[WORK INSTRUCTIONS]
Retype, exactly and completely, the listing that comes next, skipping its images.

[INFORMATION SUPPLIED]

= Beginning of Section =

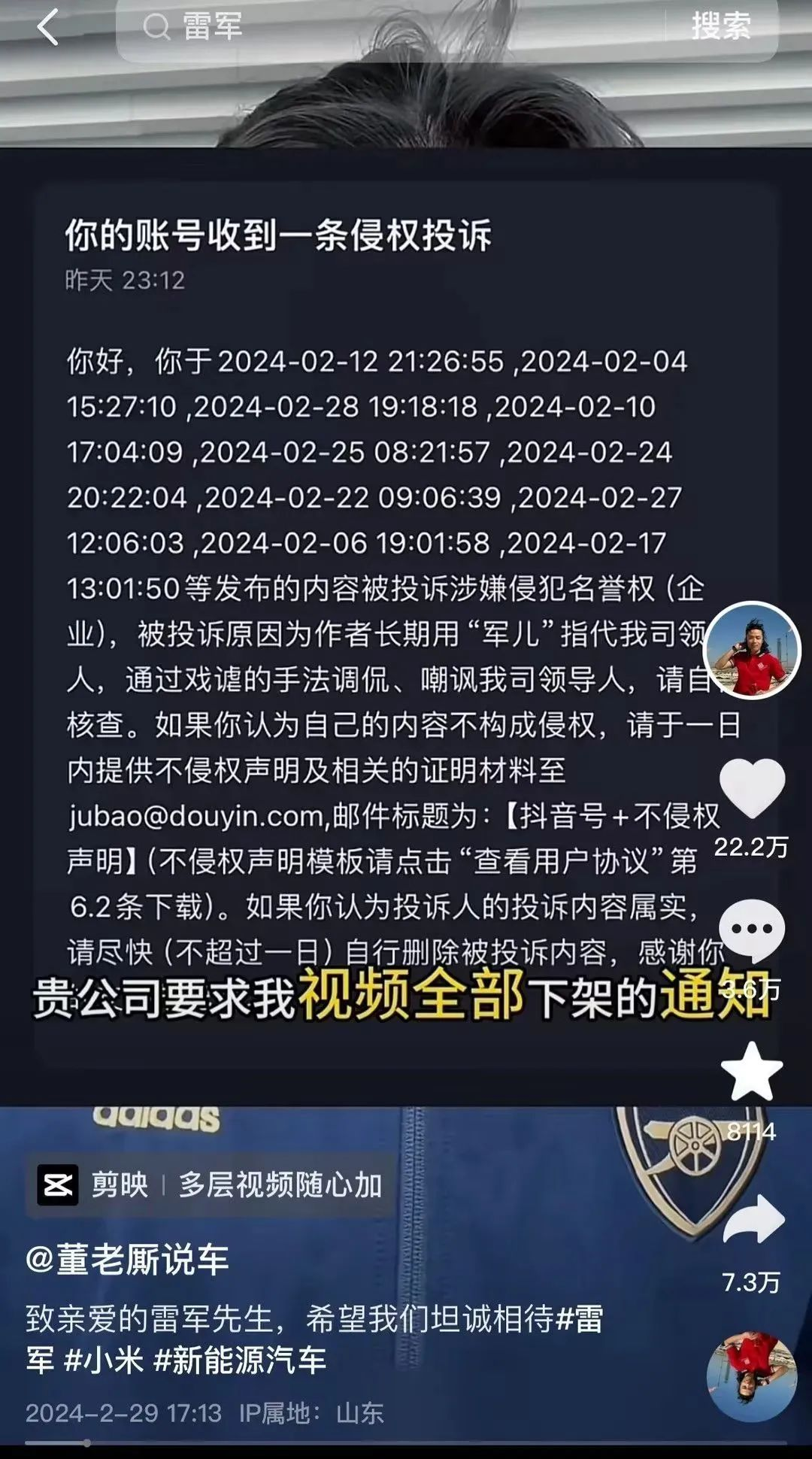 “董老厮说车”提到,小米整体肯定了正向性的创作,也欢迎他们再创作,而对“军儿”视频的下架是对平台上的所有抹黑视频进行了同样操作,并不是针对“董老厮说车”。
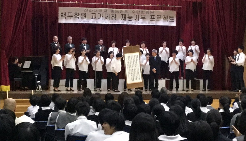新羅大総同窓会の合唱団が建国で公演…「総合学習の時間」として
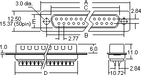 Рис. 8 Габаритные размеры разъёма 4.4 Буферные элементы. Для защиты устройства от перепадов напряжения питания, в схему были включены буферные элементы. В схему установлены 2 микросхемы SN7407N, являющиеся аналогом отечественной микросхемы К155ЛН4. Микросхема представляет собой шесть буферов без инверсии с открытым коллектором.
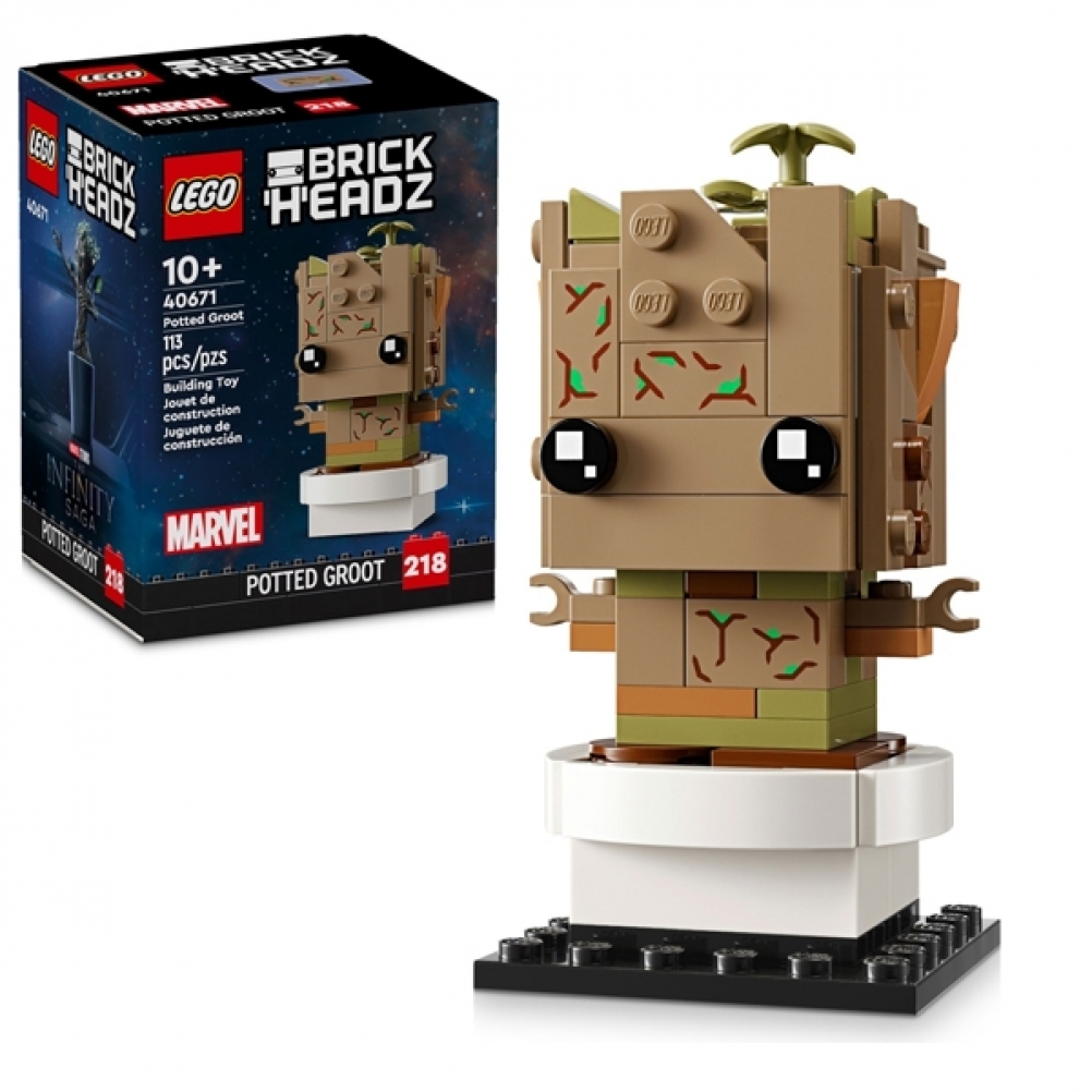 • Groot in vaso LEGO® BrickHeadz™: i bambini e le bambine dai 10 anni in su e i fan di Marvel possono costruire il simpatico Baby Groot in stile BrickHeadz dai colori vivaci
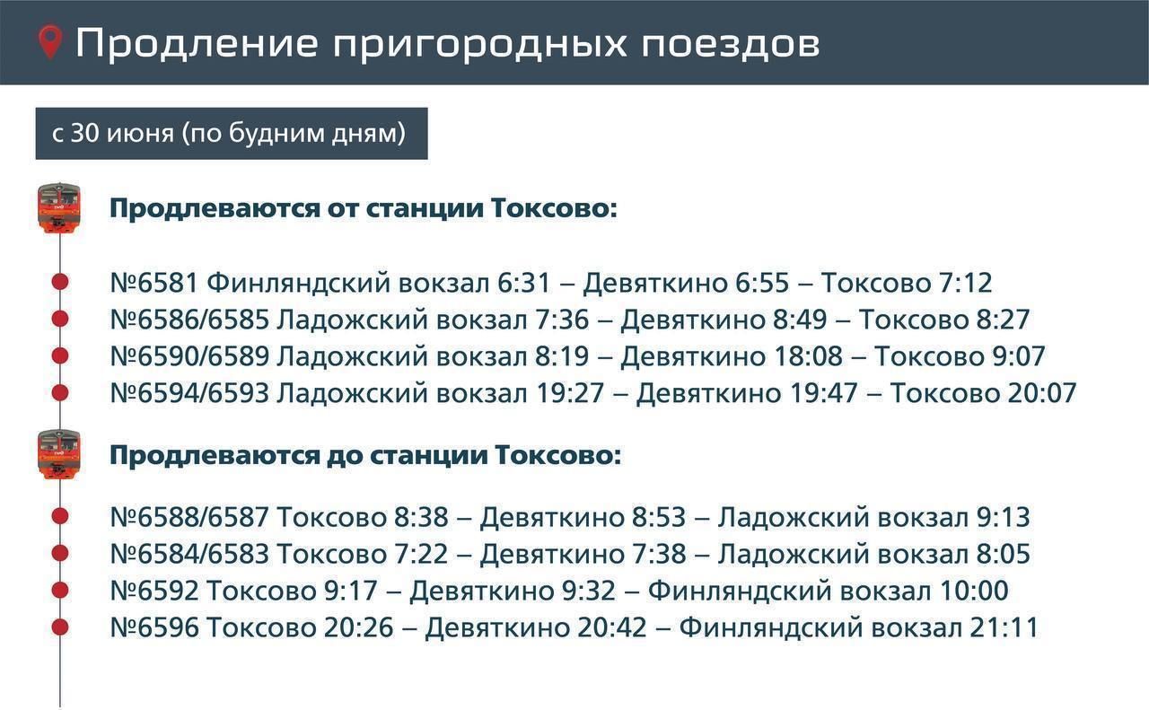 С 30 июня часть пригородных поездов по маршруту Капитолово – Девяткино – Санкт-Петербург продлеваются от и до станции Токсово, сообщили сегодня в пресс-службе Северо-Западной пригородной пассажирской компании.
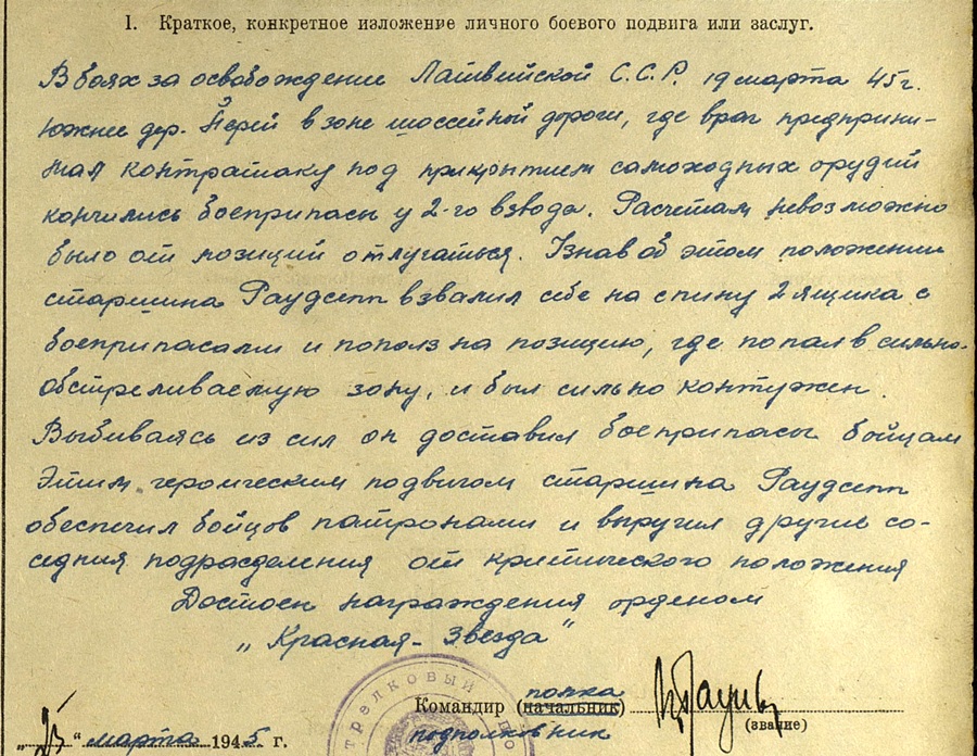Punatäht saadud Kuramaa lahingutes, kus päästis kriitilise olukorra viies turmtule all eesliinile laskemoona ja sai põrutada...
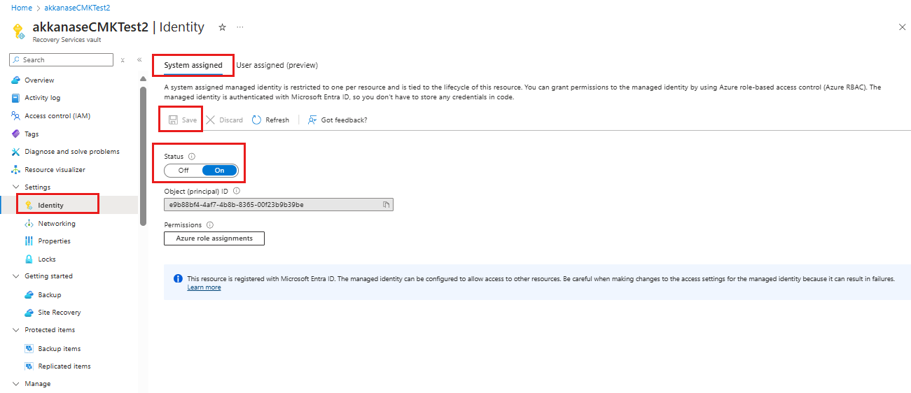 Go to your Recovery Services vault > Identity.

= End of Section =

[EXERCISE SOLUTION]
 “董老厮说车”提到,小米整体肯定了正向性的创作,也欢迎他们再创作,而对“军儿”视频的下架是对平台上的所有抹黑视频进行了同样操作,并不是针对“董老厮说车”。
新羅大総同窓会の合唱団が建国で公演…「総合学習の時間」として
 Рис. 8 Габаритные размеры разъёма 4.4 Буферные элементы. Для защиты устройства от перепадов напряжения питания, в схему были включены буферные элементы. В схему установлены 2 микросхемы SN7407N, являющиеся аналогом отечественной микросхемы К155ЛН4. Микросхема представляет собой шесть буферов без инверсии с открытым коллектором.
 • Groot in vaso LEGO® BrickHeadz™: i bambini e le bambine dai 10 anni in su e i fan di Marvel possono costruire il simpatico Baby Groot in stile BrickHeadz dai colori vivaci
 С 30 июня часть пригородных поездов по маршруту Капитолово – Девяткино – Санкт-Петербург продлеваются от и до станции Токсово, сообщили сегодня в пресс-службе Северо-Западной пригородной пассажирской компании.
Punatäht saadud Kuramaa lahingutes, kus päästis kriitilise olukorra viies turmtule all eesliinile laskemoona ja sai põrutada...
 Go to your Recovery Services vault > Identity.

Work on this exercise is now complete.